[EXTRACTED MATERIAL Boundary: Start]

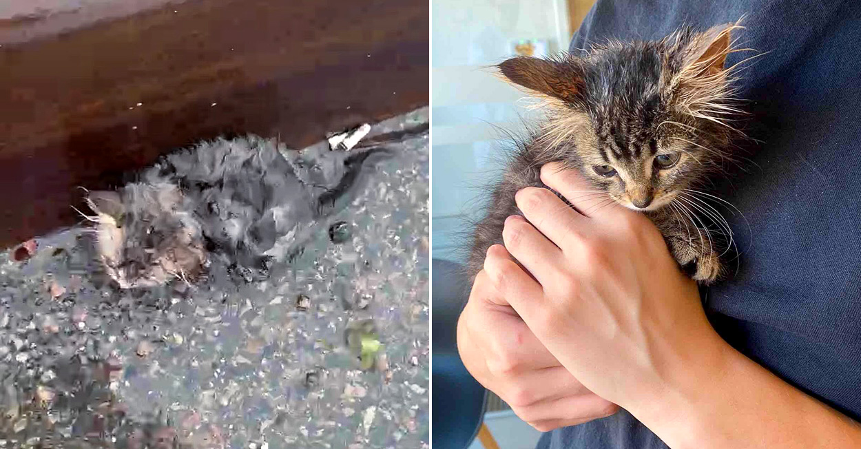 女性が濡れた路面から子猫を持ち上げようとすると、子猫が渾身の力を込めて「シャー!」と威嚇してきました。それが子猫にできる唯一の防衛手段でした。「子猫はいつ車にひかれたり、橋から落ちたりするか分かりませんでした。幸いにも一人の女性が子猫を助けるために行動してくれました。」
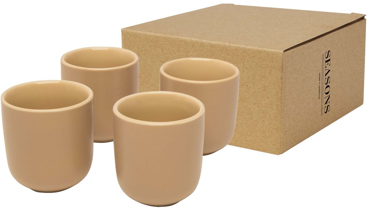 Sada 4 keramických šálků na espresso v moderním severském designu. Objem šálků je 90 ml. Sada je balena v kraftové krabičce.
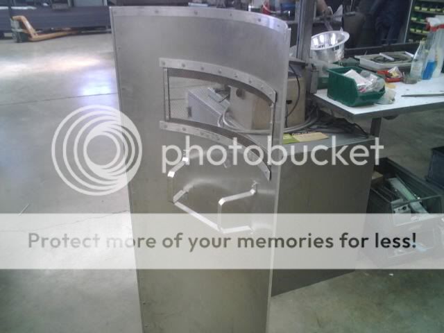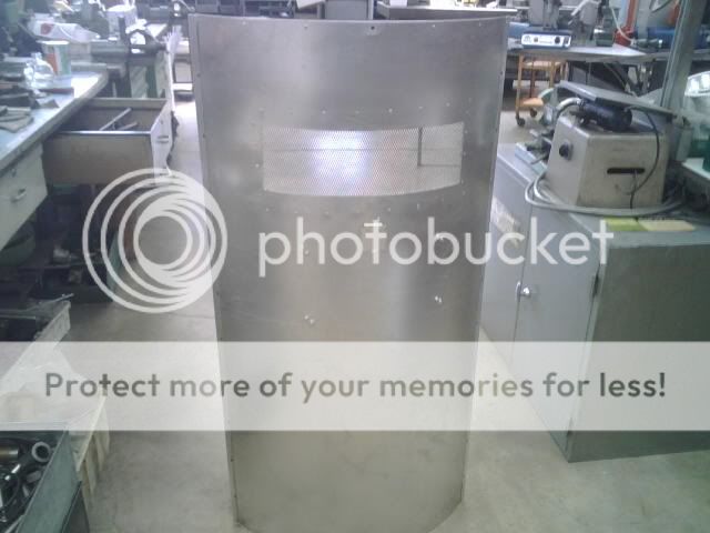 prendete la lamiera e le date una leggera curvatura ,utilizando la calandra (andate da un fabbro),una volta fatto cio' , utilizzando il seghetto alternativo praticate il taglio per la finestrella , a questo punto dovete piegare il tondino del 10 (io l'ho piegato a mano con l'aiuto di un martello e di una morsa) una volta che lo avrete modellato in modo da avere un semicerchio controllate che il vostro braccio passi al suo interno abbondanteme e poi lo saldate alla lamiera .
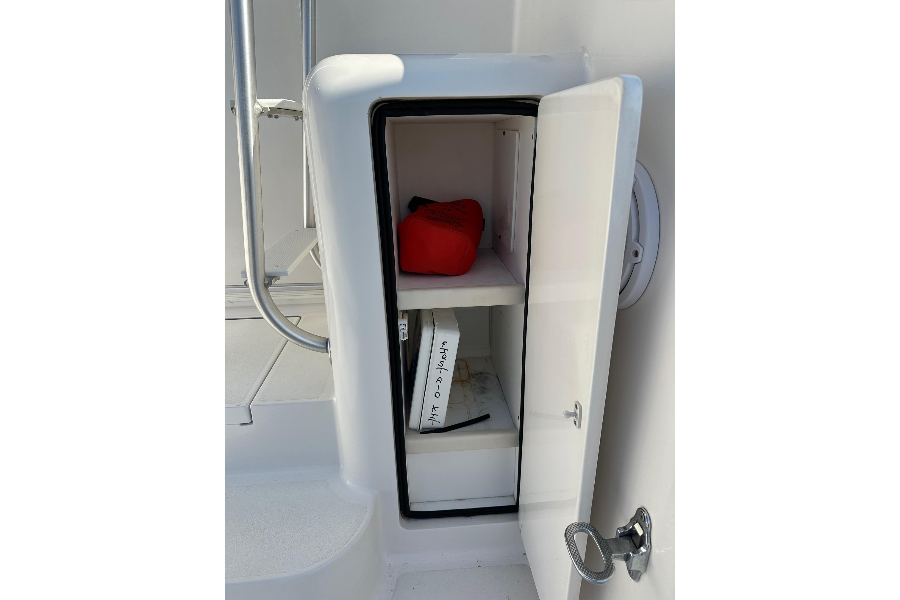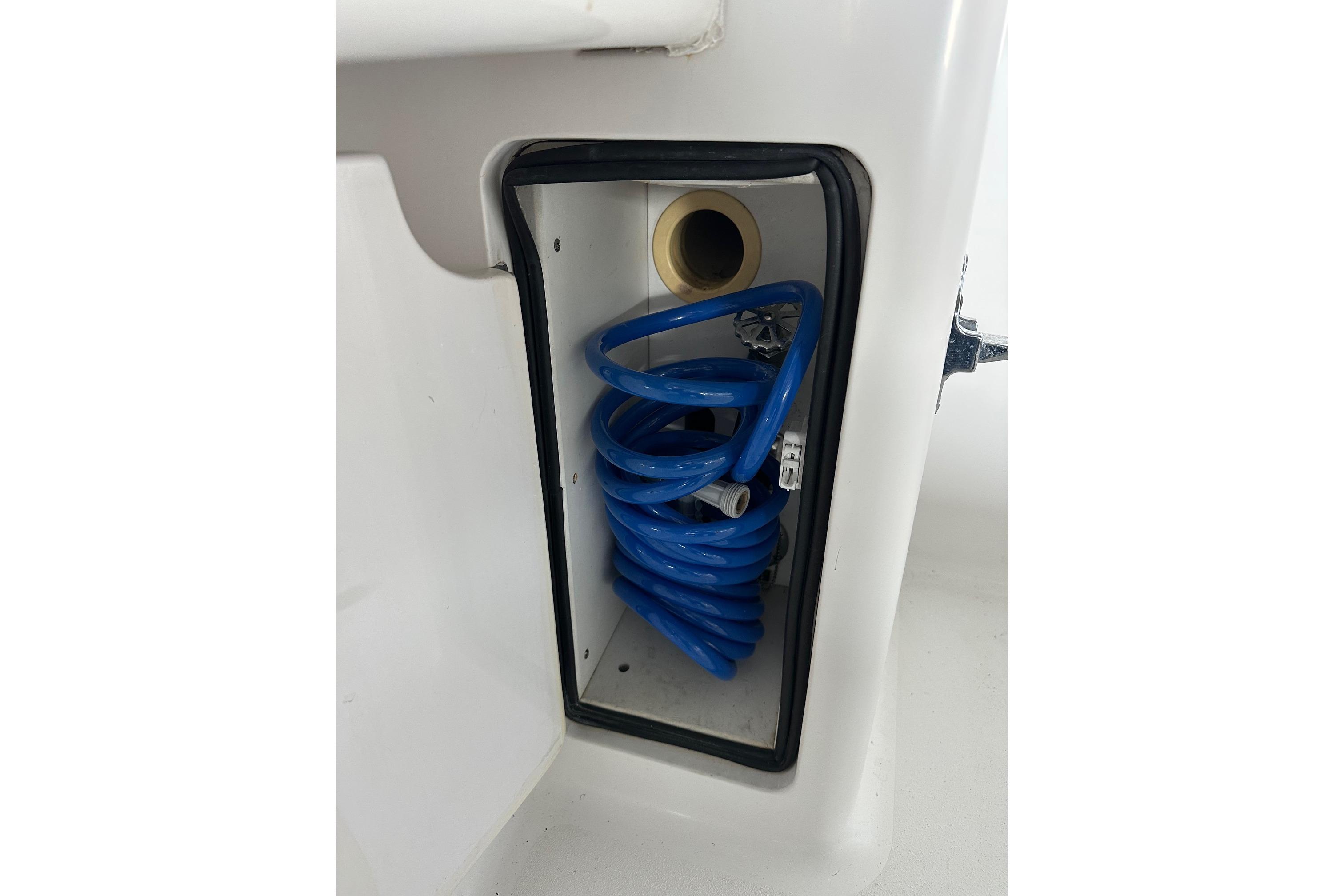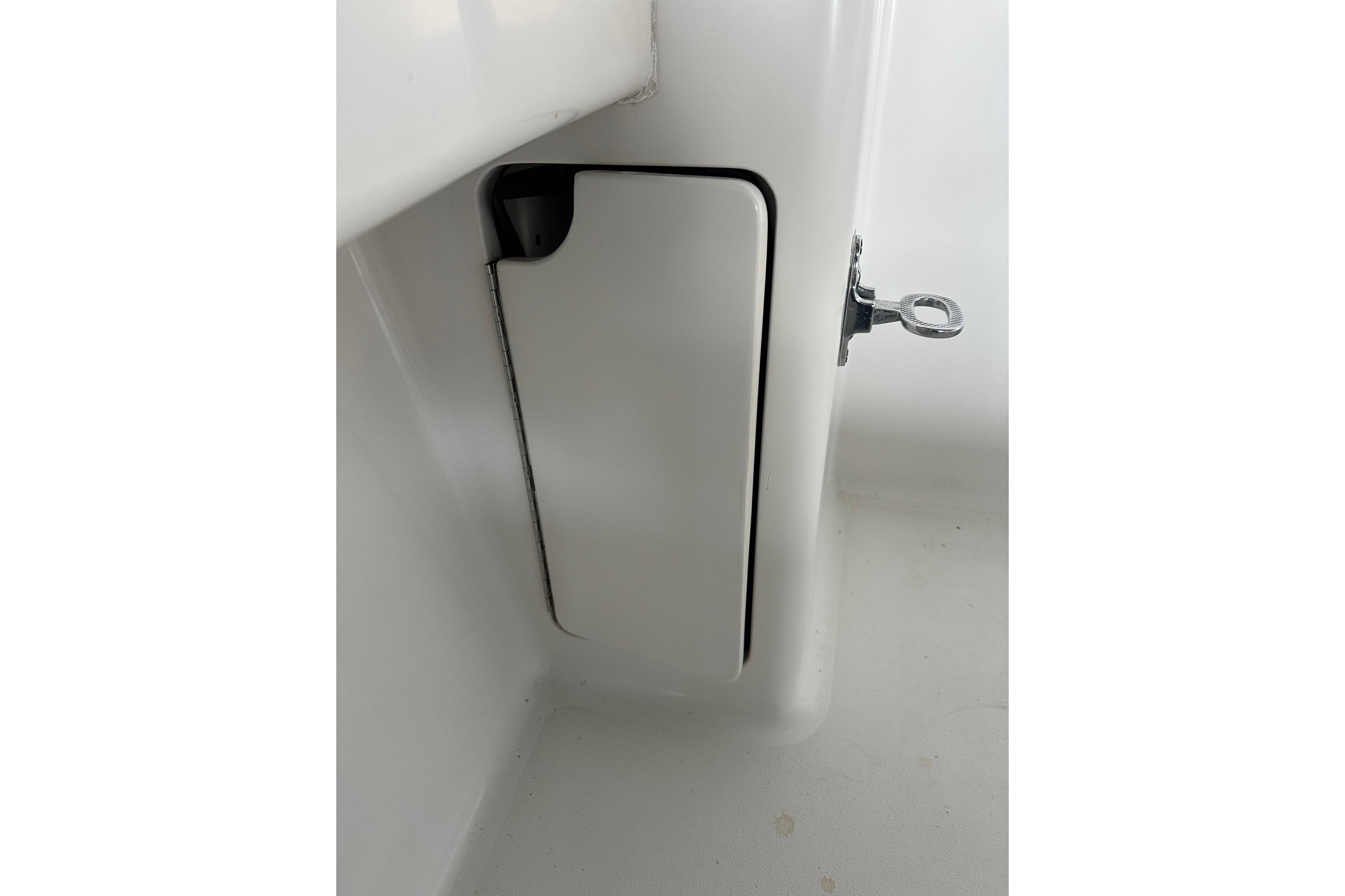 - Gaff and mop storage in recessed under gunwale cabinet
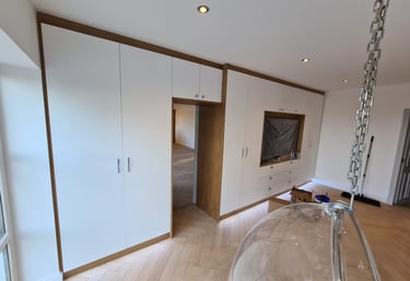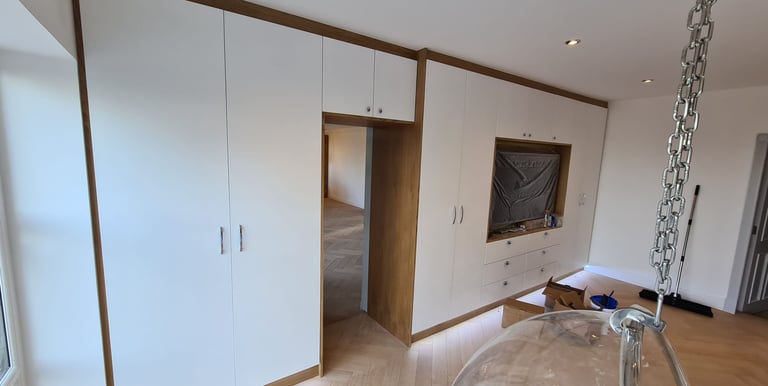 We measure, design, build and install made-to-measure cabinetry for any room. We use premium materials, keep you updated, and fit to the millimetre. Your project is scheduled, tidy and finished right — backed by our 2-year workmanship guarantee

[EXTRACTED MATERIAL Boundary: End]

### [WHAT YOU HAVE TO DO]
Every record is to be restated word for word, with the pictures left out.

### [PROBLEM SOLUTION]
 女性が濡れた路面から子猫を持ち上げようとすると、子猫が渾身の力を込めて「シャー!」と威嚇してきました。それが子猫にできる唯一の防衛手段でした。「子猫はいつ車にひかれたり、橋から落ちたりするか分かりませんでした。幸いにも一人の女性が子猫を助けるために行動してくれました。」
 Sada 4 keramických šálků na espresso v moderním severském designu. Objem šálků je 90 ml. Sada je balena v kraftové krabičce.
 prendete la lamiera e le date una leggera curvatura ,utilizando la calandra (andate da un fabbro),una volta fatto cio' , utilizzando il seghetto alternativo praticate il taglio per la finestrella , a questo punto dovete piegare il tondino del 10 (io l'ho piegato a mano con l'aiuto di un martello e di una morsa) una volta che lo avrete modellato in modo da avere un semicerchio controllate che il vostro braccio passi al suo interno abbondanteme e poi lo saldate alla lamiera .
 - Gaff and mop storage in recessed under gunwale cabinet
 We measure, design, build and install made-to-measure cabinetry for any room. We use premium materials, keep you updated, and fit to the millimetre. Your project is scheduled, tidy and finished right — backed by our 2-year workmanship guarantee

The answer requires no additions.